聊一聊MySQL的直方圖
前一段時間和一個客戶在最佳化SQL,發現其實收集了直方圖以後看起來對執行計劃起不到多大影響。
MySQL 8.0後開始支援直方圖,我們可以透過analyze table時進行收集,
ANALYZE TABLE t UPDATE HISTOGRAM ON c1, c2, c3 WITH 10 BUCKETS;
ANALYZE TABLE t UPDATE HISTOGRAM ON c1, c3 WITH 10 BUCKETS;
ANALYZE TABLE t DROP HISTOGRAM ON c2;
其中可選的WITH N BUCKETS子句指定直方圖的buckets數。N必須為1 ~ 1024之間的整數。

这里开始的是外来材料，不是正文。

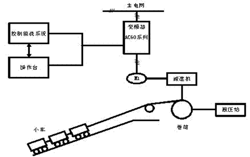 礦井提升機是煤礦,有色金屬礦生產(chǎn)過程中的重要設(shè)備。提升機的安全、可靠運行,直接關(guān)系到企業(yè)的生產(chǎn)狀況和經(jīng)濟效益。山西某煤礦井下采煤,采好的煤通過斜井用提升機將煤車拖到地面上來。這種拖動系統(tǒng)要求電機頻繁的正、反轉(zhuǎn)起動,減速制動,而且電機的轉(zhuǎn)速一定規(guī)律變化。斜井提升機的機械結(jié)構(gòu)示意如下圖所示。斜井提升機的動力由繞線式電機提供,采用轉(zhuǎn)子串電阻調(diào)速。
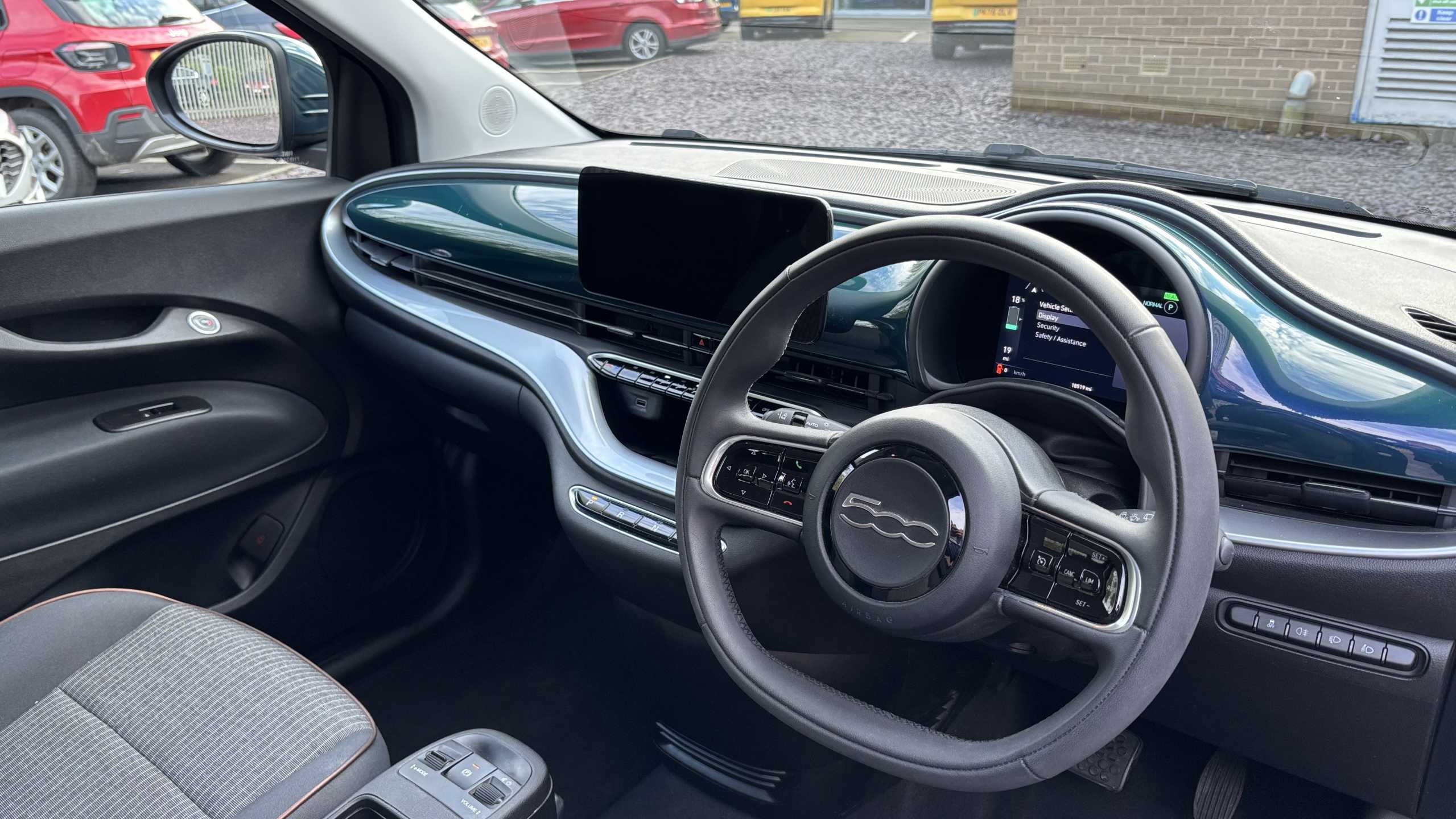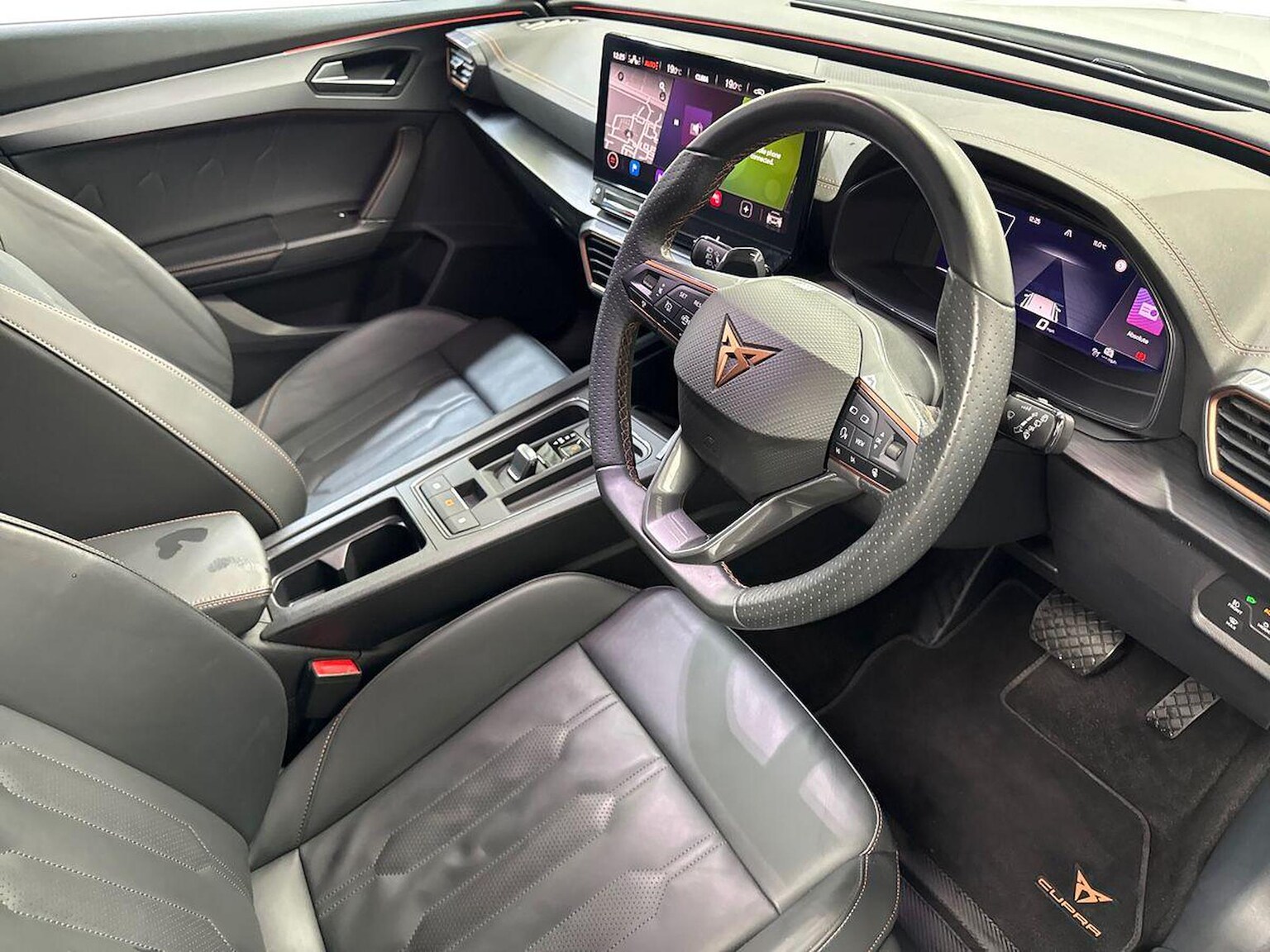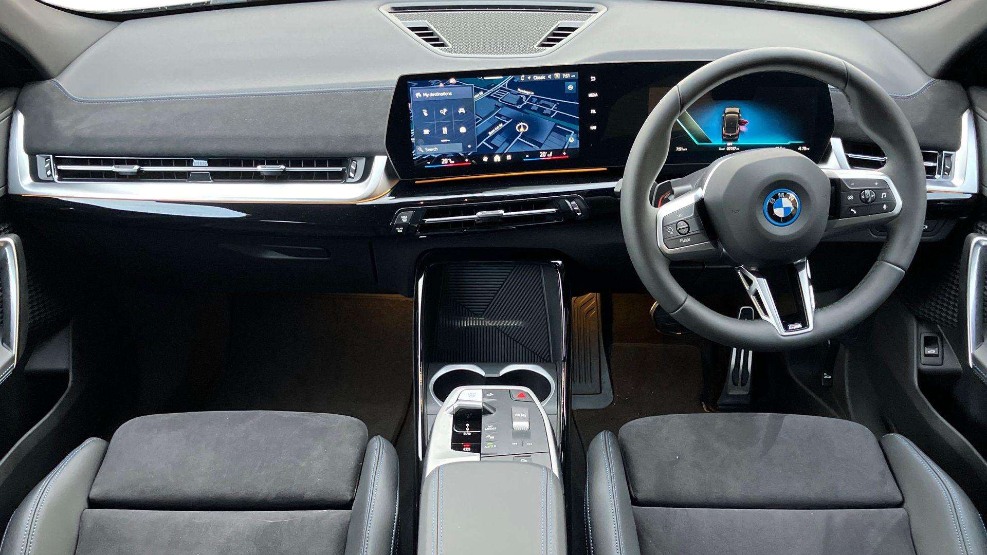 "Alcantara/twin leather upholstery with front sports seats S embossed logo",

如果省略掉,則buckets數為100。
按照我們在ORACLE上的對直方圖的理解, CBO最佳化器可以根據直方圖收集的列值分佈資訊,讓選擇性高(返回資料行比例少)的列值使用索引,而選擇性低(返回資料行比例多)的列值不使用索引。尤其對於存在資料傾斜嚴重的列而言,直方圖很重要。
在MYSQL上我們可以測測看,比如我有個100w行的表,status這一列資料傾斜很嚴重。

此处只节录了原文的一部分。